Smart tricks for vital vegetables

  • Sun boxes for vegetable seedlings

When you’re starting vegetables indoors near a normally sunny south-facing window but the early spring sun won’t cooperate, maximize the rays with aluminium foil-lined sun boxes. Cut out one side of a cardboard box and line the three inner ‘walls’ with foil. When you face the boxes towards the outside, sunlight will reflect back onto your vegetable seedlings. Plants will not only catch more sun, but their stems will grow straight rather than bending towards the light.

  •  Foiling cutworms

Before setting out a tomato seedling, wrap each stem with a 10 x 10-cm collar of foil, leaving it loose enough to allow the stem to grow as it expands. Plant the seedlings with 5cm foil above the soil and 5cm below so that the cutworms won’t be able to penetrate the shiny armour.

  •  Night-time warmers

If an unseasonably cold night has been predicted, get outdoors as early as you can and flank your vegetable plants with something that will absorb the heat of the sun all day and radiate it at night. That ‘something’ could be large, flat stones or terracotta tiles left over from your new floor. Another solution is to bend wire coat hangers into hoops, secure them over the plants and drape them with black plastic garbage bags for the night.

  • Secure trellis-grown melons with pantihose

If you grow your melons on a trellis, a sling made from a pair of old pantihose will keep the enlarging melons from falling to the ground. Cut off a leg of pantihose, slip it over a melon and tie each end of the pantihose to the trellis.

  •  Keep root vegetables straight

To prevent horseradish and special varieties of carrots and parsnips from forming forks or getting bent out of shape, which is usually A caused by stones, grow them in sections of PVC pipe placed vertically in the ground and filled with rich soil and humus. When you harvest the roots in autumn, you’ll be surprised at how straight and thick your vegetables have grown.

  •  Hang a bag of mothballs

Mothball-haters include rodents and insects, so consider putting some of these smelly balls into your vegetable garden. Caution: don’t let mothballs touch the soil or the toxic chemicals in them (usually naphthalene or dichlorobenzene) could contaminate it. If you think you can simply place mothballs on lids, tiles or other flat surfaces to keep them off the ground, think again. In no time at all, wind and garden invaders will knock them off. For safety’s sake, put a few mothballs in small mesh bags and hang them from a trellis.

  •  Grow onions through newspaper

Here’s a bit of headline news: one of the easiest ways to grow healthy onions is through newspaper mulch. Why? Because onion stalks cast a very slim shadow at best, letting in the sunlight that will sprout weed seeds. A block-out mat of newspapers will stop weeds short.

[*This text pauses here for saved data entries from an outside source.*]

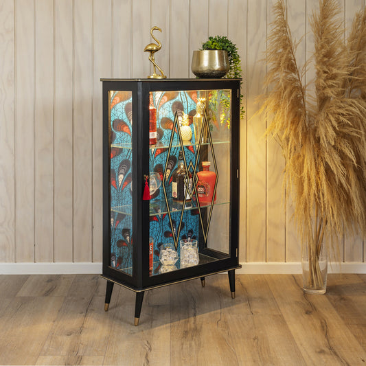 Available: Midcentury drinks cabinet, distinguished by its unique diamond frontage and decoupage African peacock feather fabric.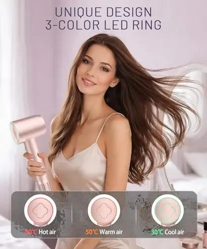 Introducing the Hair Dryer - 150000 RPM High-Speed Brushless Motor Negative Ionic Blow Dryer! This state-of-the-art hair dryer is designed to dry your hair quickly while giving it a healthy and shiny look. This eye-catching pink product will add elegance to your bathroom and will be indispensable both at home and on your travels. Thanks to its 150,000 RPM high-speed brushless motor, it offers 5 times faster drying performance compared to traditional hair dryers. Thanks to the powerful airflow (36m/s wind speed), your hair will dry in just 2-5 minutes, saving you time. The Cosy Companions ionic hair dryer balances static electricity in your hair and prevents frizz by releasing 500 million negative ions during the drying process. At the same time, it preserves the moisture of your hair, making it look softer, fuller and healthier. You get a natural shine and vitality in your hair. This hair dryer is equipped with 8 layers of noise reduction technology. Thanks to air insulation and sound-absorbing material layers, it operates at a sound level of only 51 decibels. This way, you can dry your hair without disturbing yourself or those around you. In addition, it is equipped with a special plug for safe use. The Cosy Companions hair dryer prevents your hair from being damaged thanks to its smart temperature control. The high-performance chip control system measures the air temperature more than 100 times per second and adjusts the heat accordingly. In this way, overheating of your hair is prevented and it remains healthy. You can easily follow the temperature setting thanks to three different LED lights: red for hot air, yellow for warm air and green for cold air. Thanks to its ergonomic design and lightness (0.82 lbs/373g), this hair dryer offers comfortable use. It is a product that everyone can easily use with its simple buttons and convenient handle. Thanks to its tight filter, your hair is prevented from being pulled in. Thanks to its 360° rotating magnetic head, it offers the possibility of use suitable for different hair lengths and types. Whether at home or on the go, this hair dryer will always be with you. It is also a perfect gift option for your family and friends. Please read the user manual carefully before use. Warning: Do not place the product where it may fall or be pulled into water, and do not drop it into water or other liquids.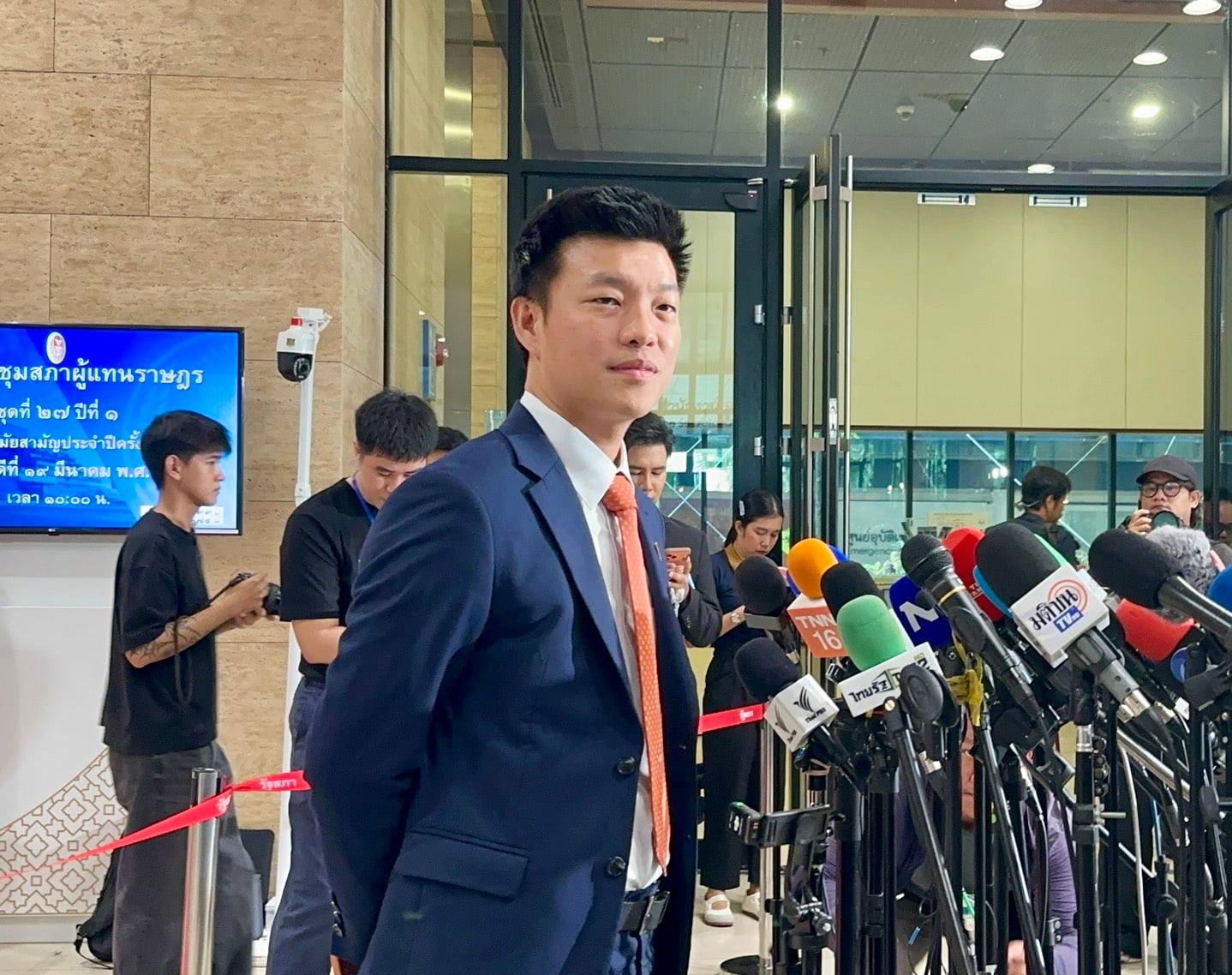 19 มี.ค.2569 - ที่รัฐสภา นายณัฐพงษ์ เรืองปัญญาวุฒิ หัวหน้าและแคนดิเดตนายกรัฐมนตรี พรรคประชาชน ให้สัมภาษณ์ถึงกรณีหลายฝ่ายมองว่าฝ่ายค้านไม่ได้ออกมาแสดงท่าทีตรวจสอบเรื่องวิกฤตพลังงานและราคาน้ำมันเท่าที่ควรว่า จริงๆ ต้องบอกว่าฝ่ายค้านอย่างเป็นทางการยังไม่ได้เริ่มขึ้น เพราะขณะนี้ยังไม่ได้โหวตนายกรัฐมนตรี อย่างไรก็ตามในฐานะสมาชิกสภาผู้แทนราษฎร ขณะนี้มีการหารือกันแล้วว่าอาจจะมีการเสนอญัตติด่วนด้วยวาจา ในการที่จะหารือในที่ประชุมสภาในวันนี้ เพื่อหาทางออกเรื่องดังกล่าว และเชื่อว่าฝ่ายเสียงข้างมากหรือฝ่ายรัฐบาล น่าจะให้โอกาสและให้พื้นที่กับพวกเราในการอภิปรายและเสนอแนะไปยังรัฐบาลรักษาการ ซึ่งตนคิดว่าสิ่งที่มีความสำคัญในขณะนี้พอๆกับเรื่องราคาน้ำมันคือเรื่องของสถานการณ์การขาดแคลนน้ำมัน โดยเฉพาะอย่างยิ่งน้ำมันสำเร็จรูป ซึ่งในส่วนของฝ่ายรัฐบาลเองดูเหมือนจะยังให้คำตอบไม่ชัดว่าตกลงแล้วน้ำมันหายไปไหน ใครที่เป็นคนกักตุน และทราบมาว่าวันนี้ฝ่ายรัฐบาลจะมีการเชิญผู้ประกอบการต่างๆ ที่เกี่ยวข้องกับซัพพลายเชนมาหารือ ตนคิดว่าสิ่งที่ทำได้ง่ายที่สุด เพื่อกอบกู้ความเชื่อมั่นของประชาชนกลับมา คือการเปิดเผยข้อมูลให้มีความโปร่งใส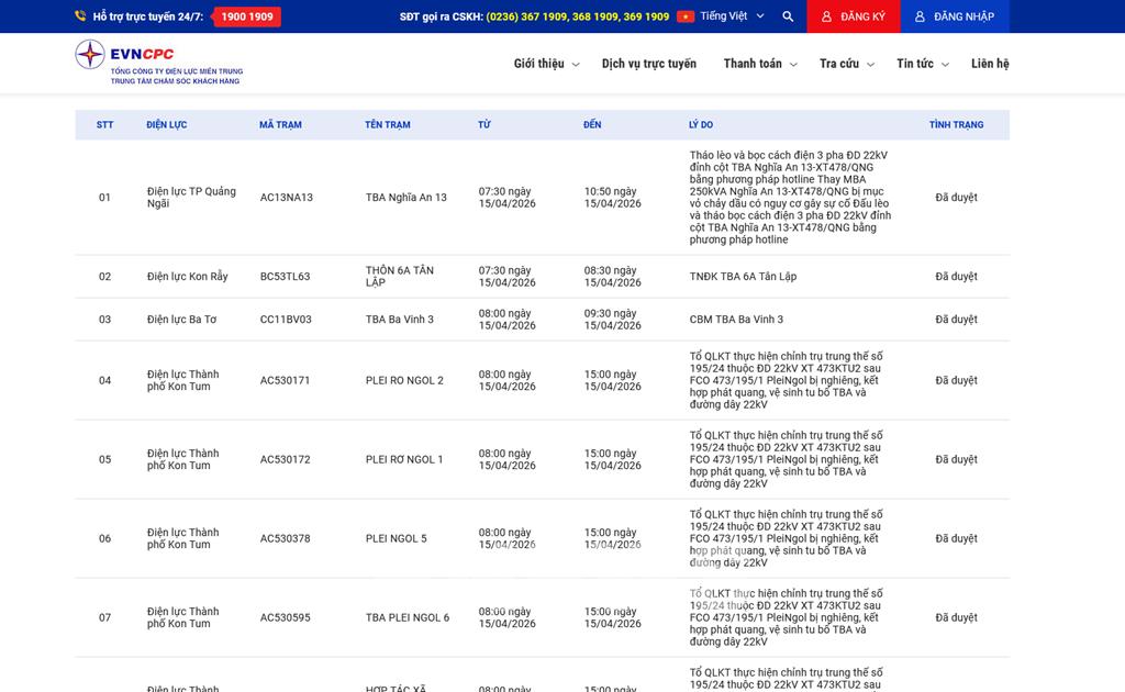 | 8 | Điện lực Thành phố Kon Tum | AD530456 | HỢP TÁC XÃ PHÚC AN | 08:00 15/04/2026 | 15:00 15/04/2026 | Tổ QLKT thực hiện chỉnh trụ trung thế số 195/24 thuộc ĐD 22kV XT 473KTU2 sau FCO 473/195/1 PleiNgol bị nghiêng, kết hợp phát quang, vệ sinh tu bổ TBA và đường dây 22kV | Đã duyệt |

In early spring, wet the soil of the onion patch. Then spread three or four sections of newspaper over the area, hosing down each one. With one or two fingers, punch holes about 12-15cm apart through the wet mat and place an onion set or onion seedling within each. Firm moist soil around the sets or seedlings and cover the mat with shredded leaves and grass clippings. Weeds won’t survive as your onions grow and thrive.

  •  A tyre tower for potatoes

Increase your potato yield by growing potatoes in a stack of tyres. Fill a tyre with soil and plant two whole or halved seed potatoes about 5cm deep. Once the potatoes have sprouted around 15-25cm of foliage, place a second tyre on top of the first and fill with more soil, leaving 8-10cm of foliage exposed.

Repeat the process again and your three-tyre tower will triple your potato crop. Potatoes sprout on the underground stems — and the taller the stems, the greater the number of tasty tubers you will produce.

  •  Two sprays for pumpkins

Ward off fungal diseases in a pumpkin patch by spraying each pumpkin with a homemade mixture of 1 teaspoon bicarbonate of soda and ½ teaspoon vegetable oil stirred into 1 litre water.

Fungal diseases aside, some gardeners claim that they can enrich a pumpkin’s colour with a different spray: aerosol whipped cream, applied around the base of each plant every three weeks.

  •  Grow your own loofahs

The loofah gourd (Luffa cylindrica) is a purely practical choice for gardeners: it’s grown primarily for its dried pulp, which we know as the exfoliating beauty sponge of the same name. Simply plant and cultivate loofahs as directed on the seed packet — although in cooler climates with short growing seasons you’ll need to start the loofah gourd seeds indoors.

When a gourd lightens in weight and its skin begins to brown, peel it. Wet it thoroughly and squeeze out the seeds with both hands, then put the gourd on a rack to dry for two to four weeks or until hard. (Placing the gourds near a heating source will speed the process.) Use a sharp knife to slice the dried loofah crossways into rounds to make homegrown skin scrubbers that the whole family can use.